### Directions for this task
Below, locate the line that contains "지난해 8월 서울 성북구". Repeat exactly from that line to the line that contains "Обзавестись лезвиями Стенли", inclusive, leaving out the pictures.

### Stored data
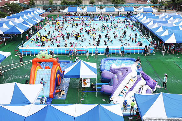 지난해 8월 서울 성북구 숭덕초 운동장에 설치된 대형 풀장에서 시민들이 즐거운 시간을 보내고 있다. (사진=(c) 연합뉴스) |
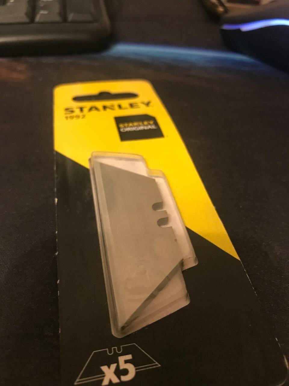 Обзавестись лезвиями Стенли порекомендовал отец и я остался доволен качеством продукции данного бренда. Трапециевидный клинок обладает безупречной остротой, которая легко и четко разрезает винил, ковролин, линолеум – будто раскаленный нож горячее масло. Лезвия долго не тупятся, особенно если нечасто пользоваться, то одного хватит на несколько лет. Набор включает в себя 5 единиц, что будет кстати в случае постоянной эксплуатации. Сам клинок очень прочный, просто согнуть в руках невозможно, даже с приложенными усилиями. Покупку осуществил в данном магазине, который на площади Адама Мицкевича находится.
---
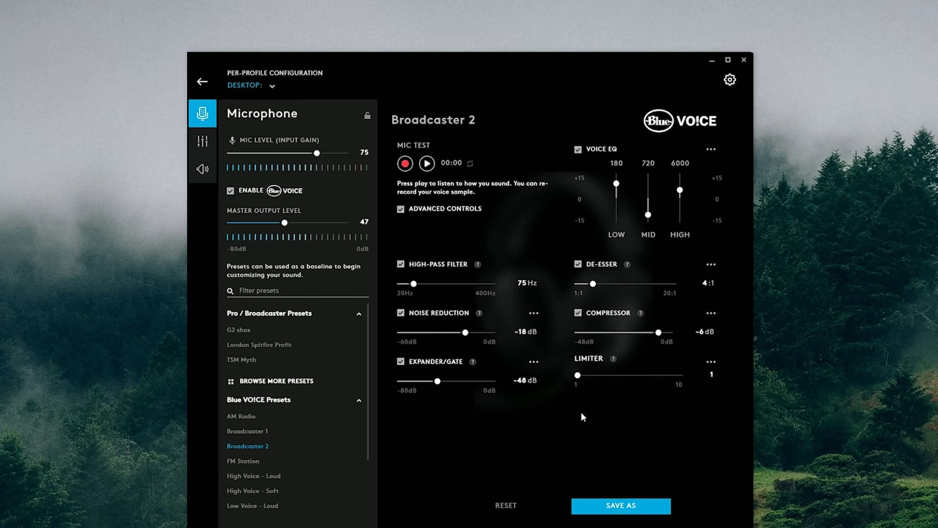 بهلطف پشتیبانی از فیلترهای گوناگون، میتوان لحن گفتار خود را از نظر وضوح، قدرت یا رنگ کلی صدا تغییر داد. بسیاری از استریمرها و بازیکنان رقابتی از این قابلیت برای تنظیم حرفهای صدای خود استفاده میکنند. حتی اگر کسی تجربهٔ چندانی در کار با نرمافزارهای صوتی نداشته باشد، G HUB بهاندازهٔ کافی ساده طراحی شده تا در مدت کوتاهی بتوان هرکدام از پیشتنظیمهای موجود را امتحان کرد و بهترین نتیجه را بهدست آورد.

### Your response
 지난해 8월 서울 성북구 숭덕초 운동장에 설치된 대형 풀장에서 시민들이 즐거운 시간을 보내고 있다. (사진=(c) 연합뉴스) |
 Обзавестись лезвиями Стенли порекомендовал отец и я остался доволен качеством продукции данного бренда. Трапециевидный клинок обладает безупречной остротой, которая легко и четко разрезает винил, ковролин, линолеум – будто раскаленный нож горячее масло. Лезвия долго не тупятся, особенно если нечасто пользоваться, то одного хватит на несколько лет. Набор включает в себя 5 единиц, что будет кстати в случае постоянной эксплуатации. Сам клинок очень прочный, просто согнуть в руках невозможно, даже с приложенными усилиями. Покупку осуществил в данном магазине, который на площади Адама Мицкевича находится.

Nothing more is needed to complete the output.